Take the lines below from the one with "Decoratiune ornament de" through the one with "In Elboy Filterline" and print only them, exactly. Don't print the pictures.

Data items ->

* * * * *

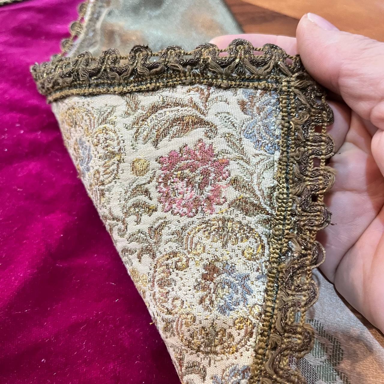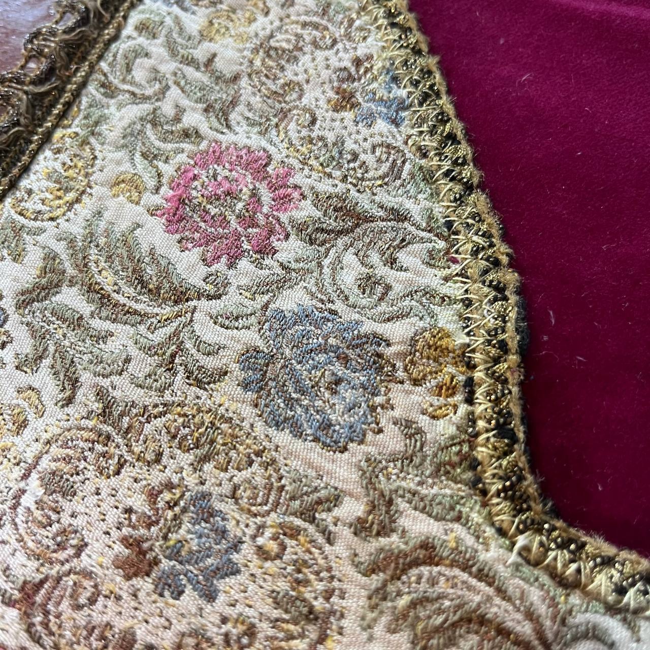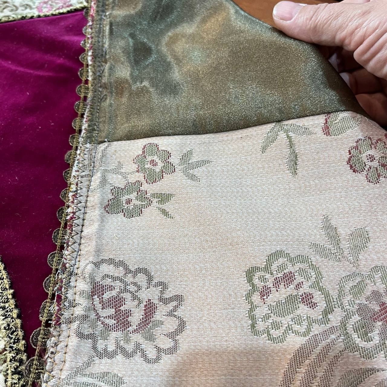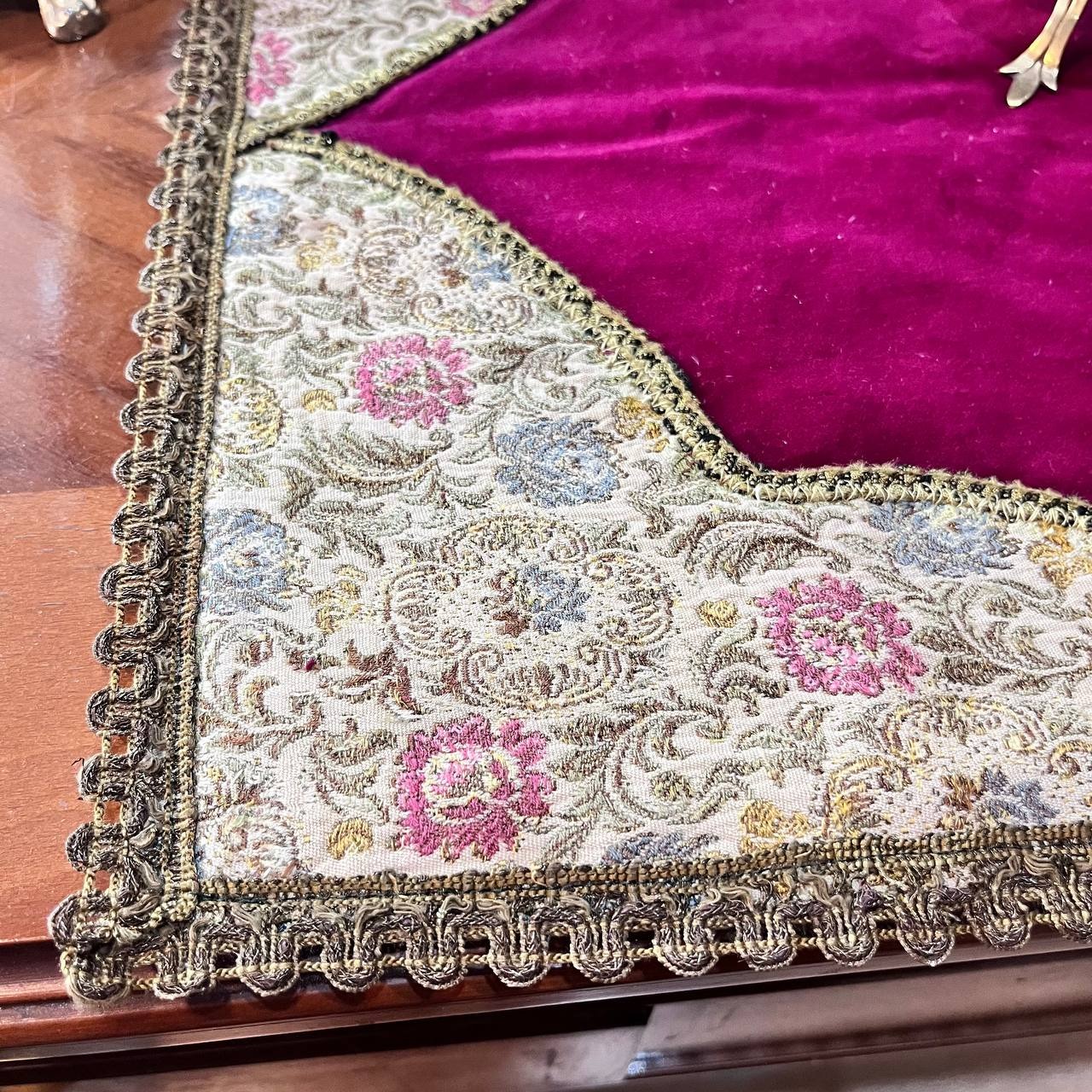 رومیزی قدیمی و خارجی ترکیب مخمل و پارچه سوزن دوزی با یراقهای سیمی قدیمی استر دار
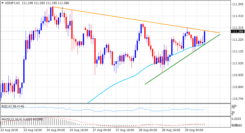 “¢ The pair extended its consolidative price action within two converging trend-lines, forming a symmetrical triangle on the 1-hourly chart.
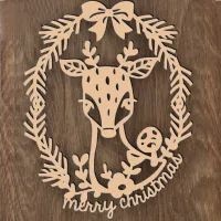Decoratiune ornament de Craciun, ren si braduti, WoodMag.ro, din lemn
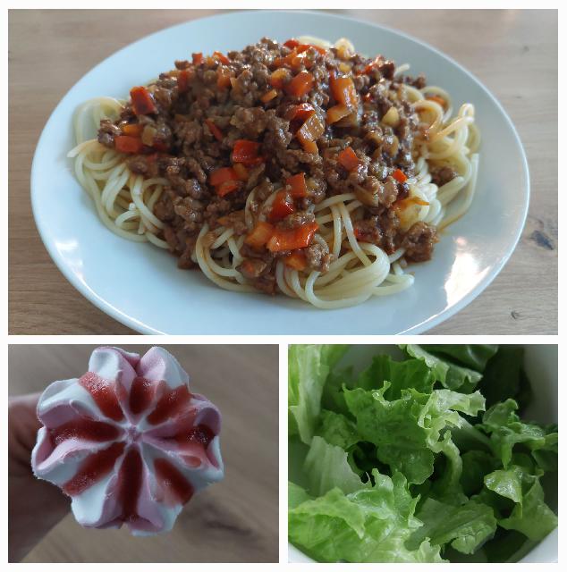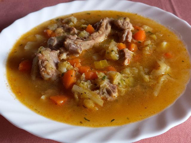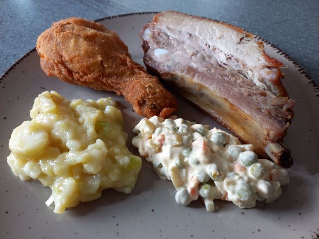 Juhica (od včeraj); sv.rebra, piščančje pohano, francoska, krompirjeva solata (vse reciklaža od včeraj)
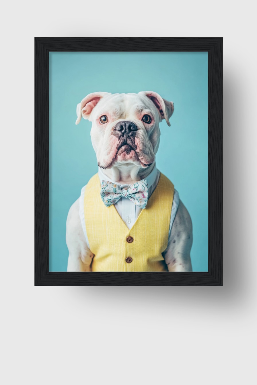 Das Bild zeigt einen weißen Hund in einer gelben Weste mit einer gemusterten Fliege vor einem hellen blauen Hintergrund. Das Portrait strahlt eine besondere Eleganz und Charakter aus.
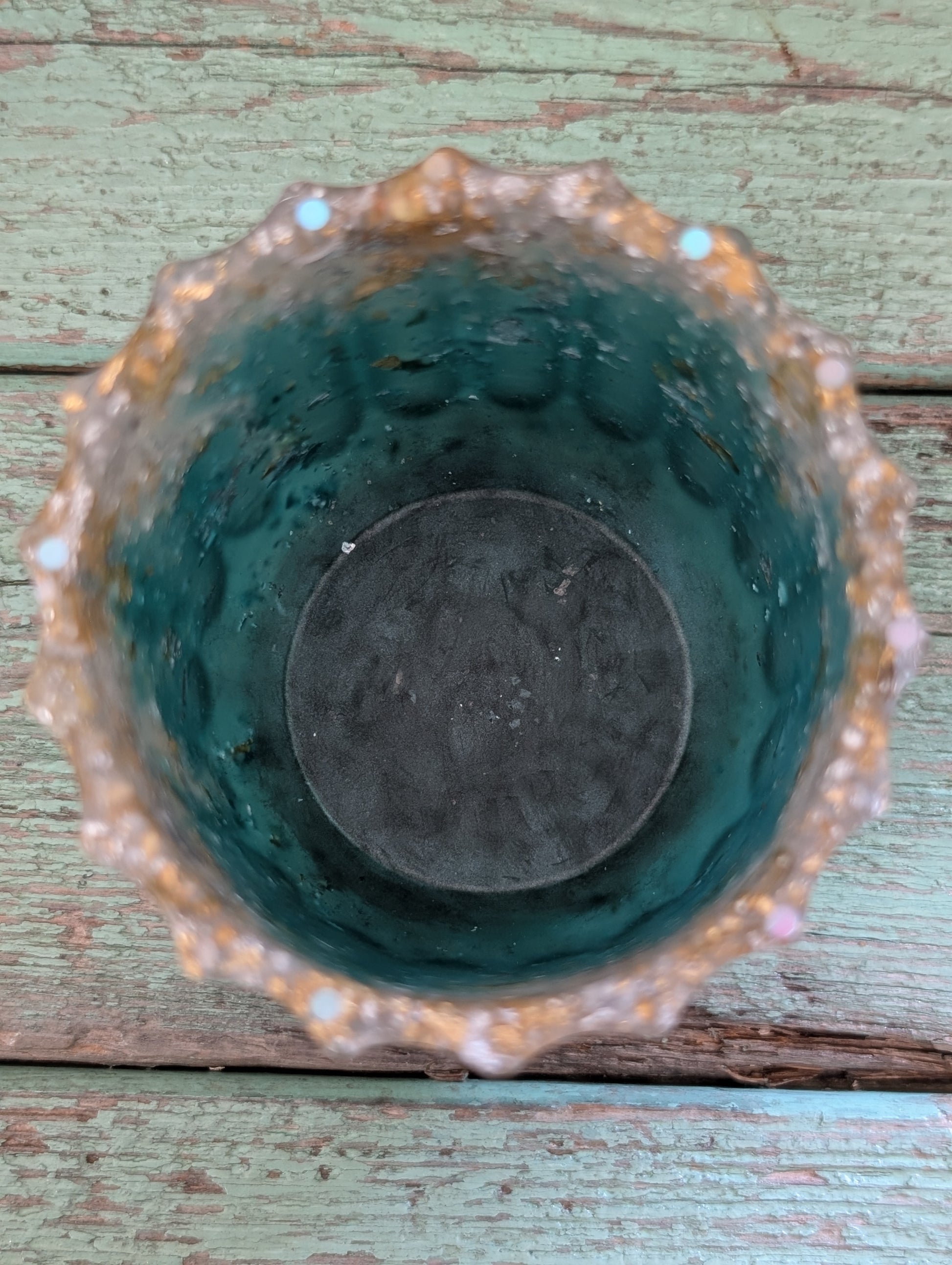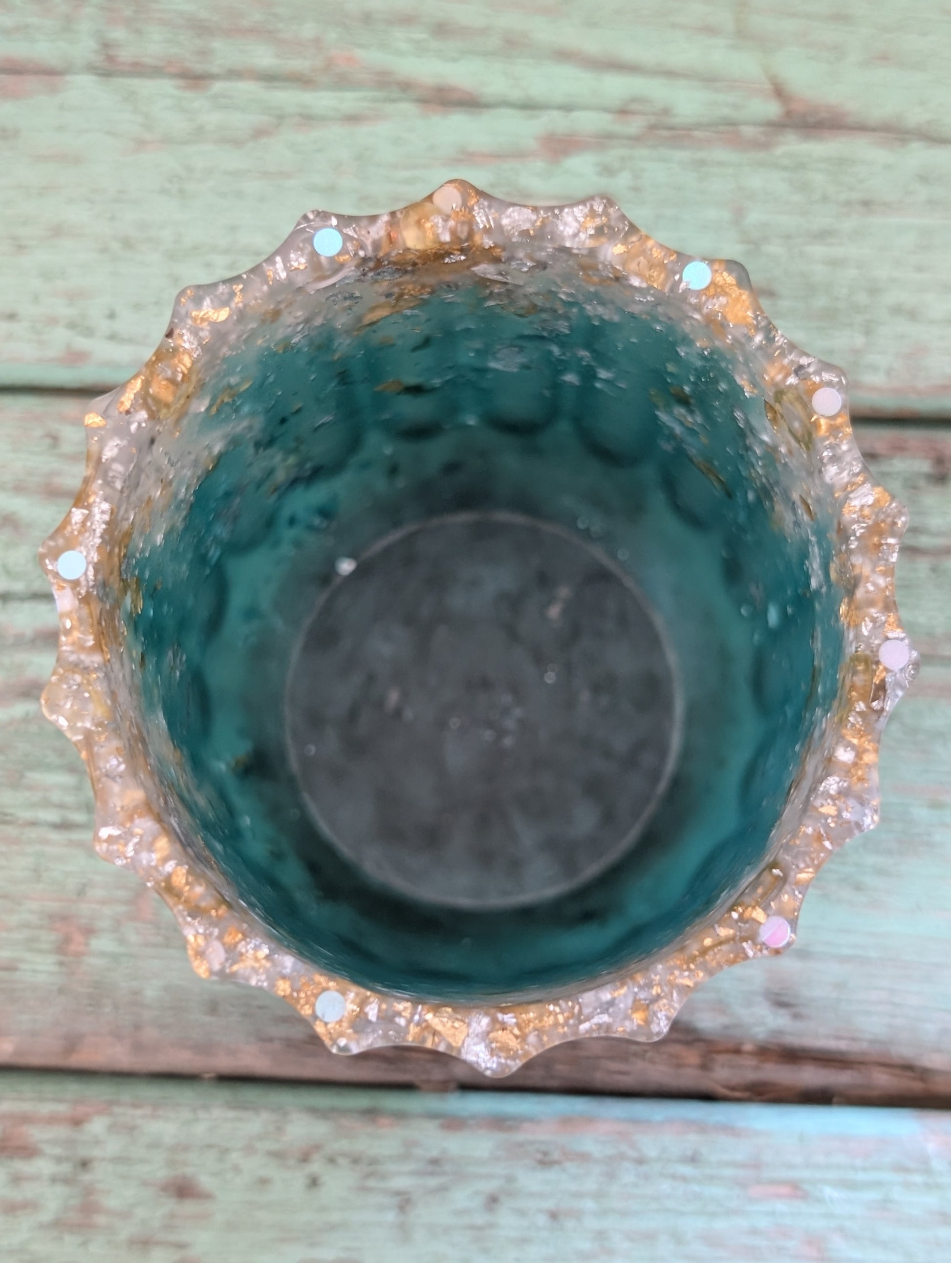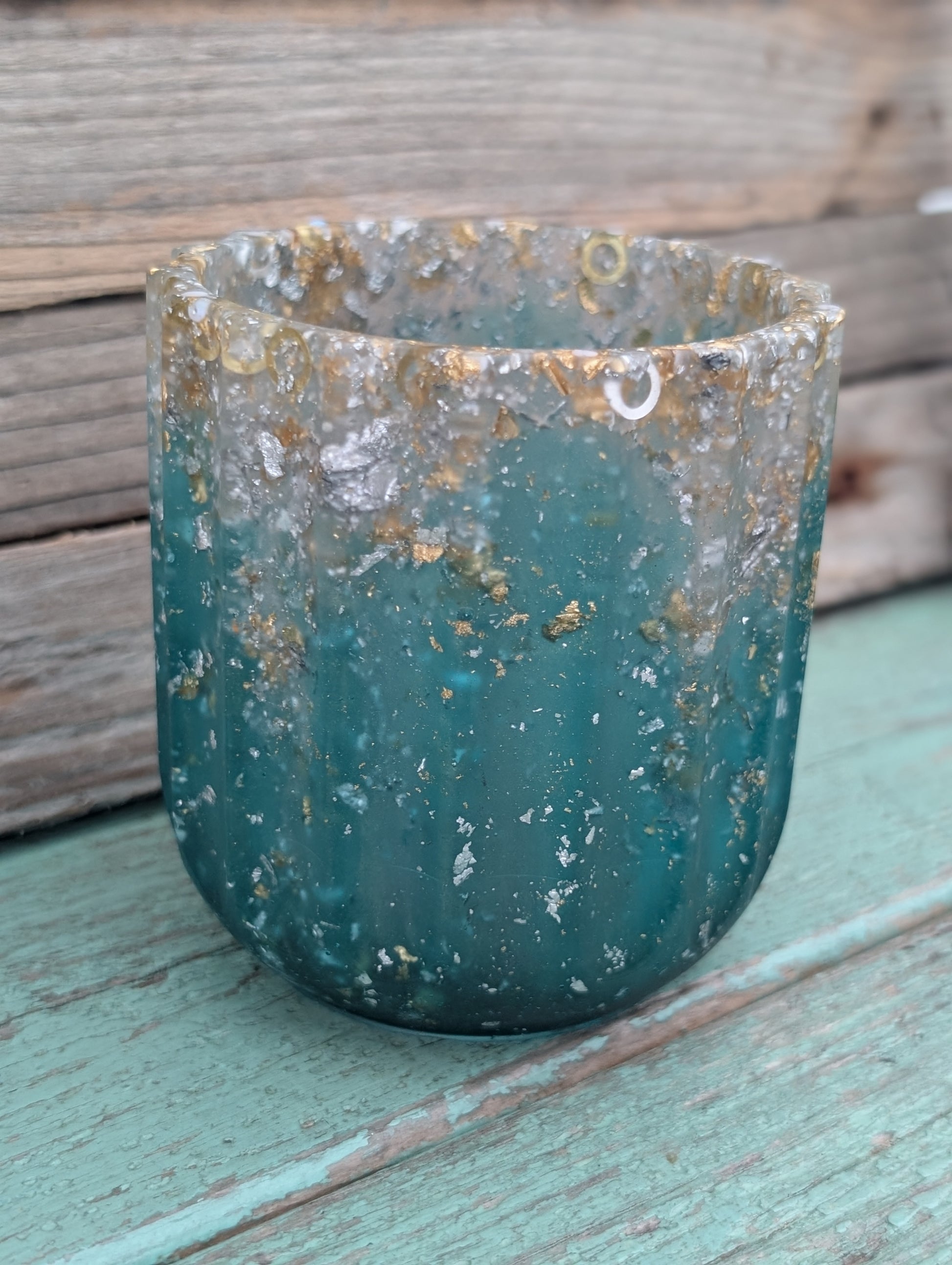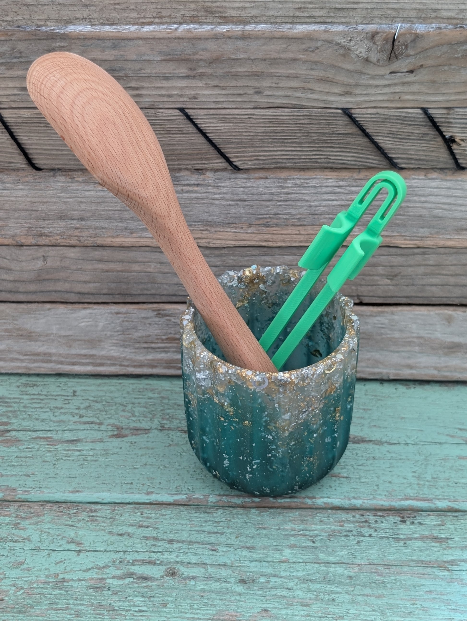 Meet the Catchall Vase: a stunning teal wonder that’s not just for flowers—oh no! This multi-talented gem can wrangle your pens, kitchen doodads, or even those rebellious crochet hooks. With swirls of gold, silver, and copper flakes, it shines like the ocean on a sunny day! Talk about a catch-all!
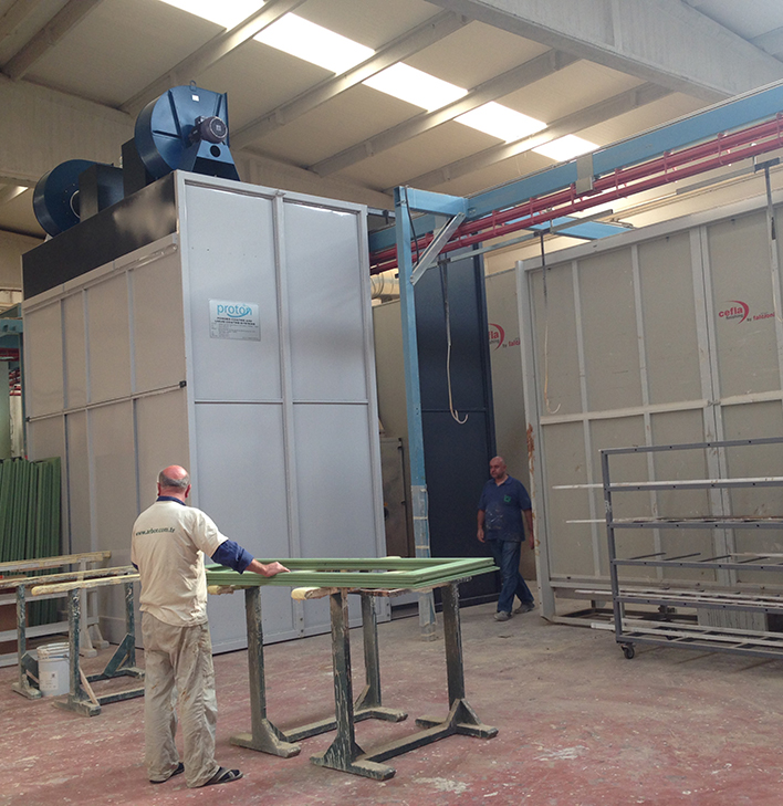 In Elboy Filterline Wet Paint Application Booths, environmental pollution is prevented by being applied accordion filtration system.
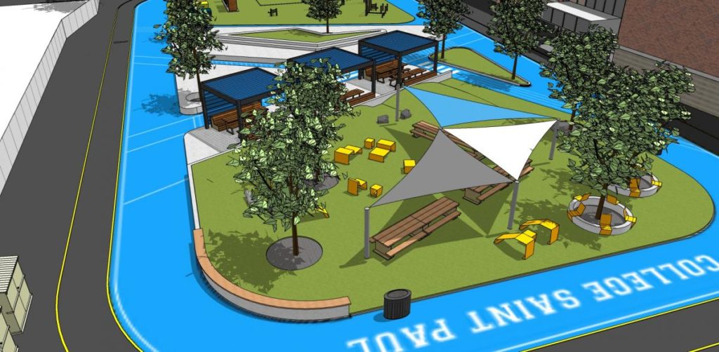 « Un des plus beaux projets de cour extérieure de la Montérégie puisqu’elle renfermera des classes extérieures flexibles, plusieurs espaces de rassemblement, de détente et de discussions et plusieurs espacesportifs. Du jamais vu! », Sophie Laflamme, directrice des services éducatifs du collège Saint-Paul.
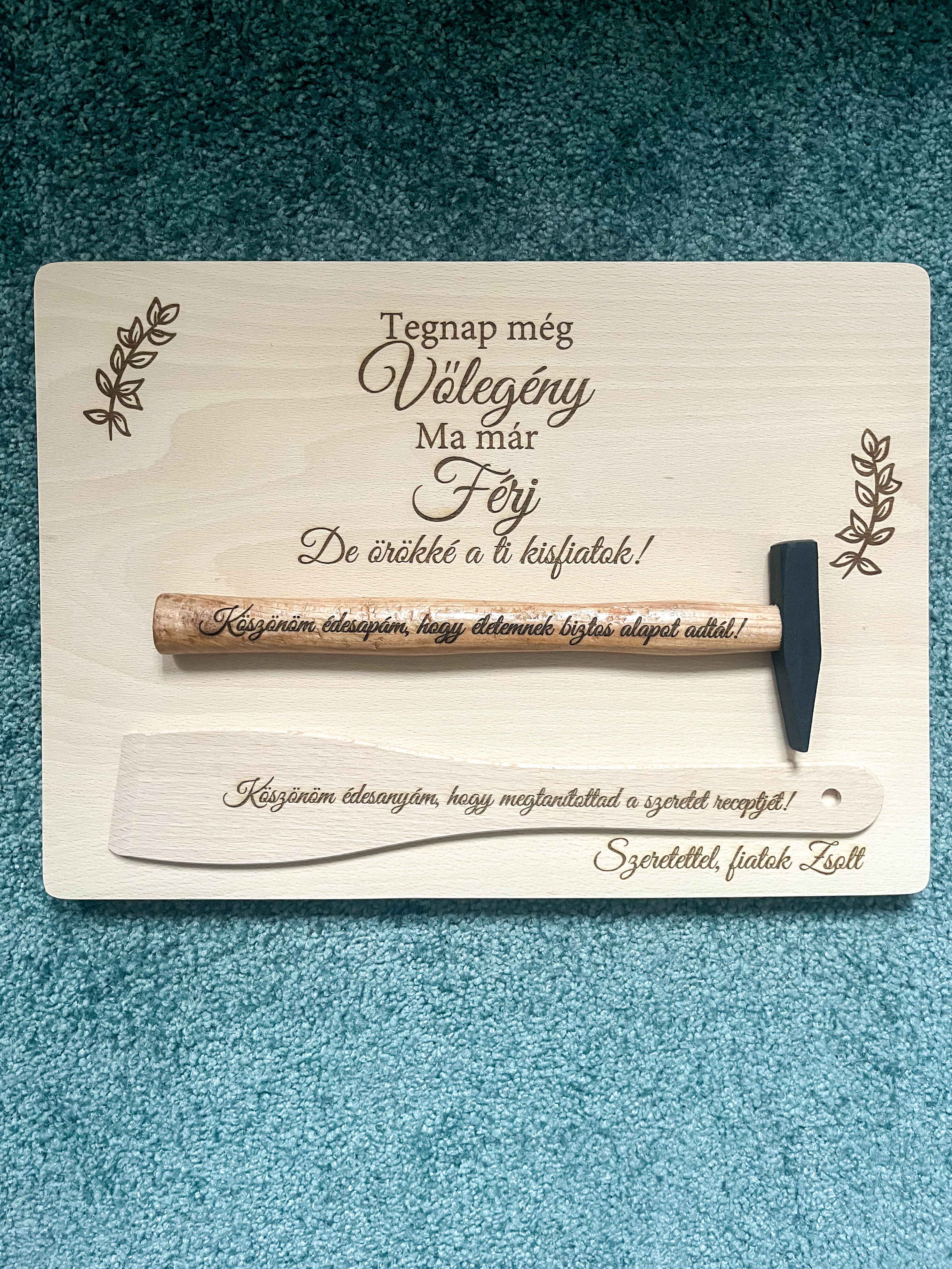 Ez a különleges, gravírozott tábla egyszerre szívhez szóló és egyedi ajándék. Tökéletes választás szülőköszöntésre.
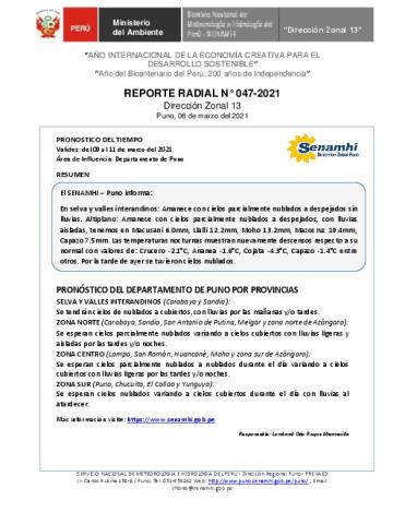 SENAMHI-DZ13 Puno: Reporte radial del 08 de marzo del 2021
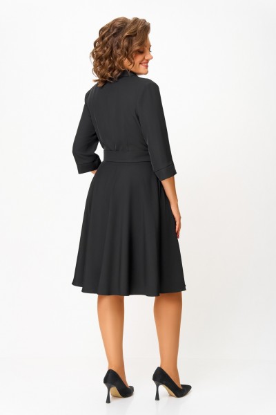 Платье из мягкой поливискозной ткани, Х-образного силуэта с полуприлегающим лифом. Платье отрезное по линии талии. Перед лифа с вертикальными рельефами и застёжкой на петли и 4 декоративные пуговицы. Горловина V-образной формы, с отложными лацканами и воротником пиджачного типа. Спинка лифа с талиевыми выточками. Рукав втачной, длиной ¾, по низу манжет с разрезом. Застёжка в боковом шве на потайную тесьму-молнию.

* * * * *

Expected output ->
Decoratiune ornament de Craciun, ren si braduti, WoodMag.ro, din lemn
 Juhica (od včeraj); sv.rebra, piščančje pohano, francoska, krompirjeva solata (vse reciklaža od včeraj)
 Das Bild zeigt einen weißen Hund in einer gelben Weste mit einer gemusterten Fliege vor einem hellen blauen Hintergrund. Das Portrait strahlt eine besondere Eleganz und Charakter aus.
 Meet the Catchall Vase: a stunning teal wonder that’s not just for flowers—oh no! This multi-talented gem can wrangle your pens, kitchen doodads, or even those rebellious crochet hooks. With swirls of gold, silver, and copper flakes, it shines like the ocean on a sunny day! Talk about a catch-all!
 In Elboy Filterline Wet Paint Application Booths, environmental pollution is prevented by being applied accordion filtration system.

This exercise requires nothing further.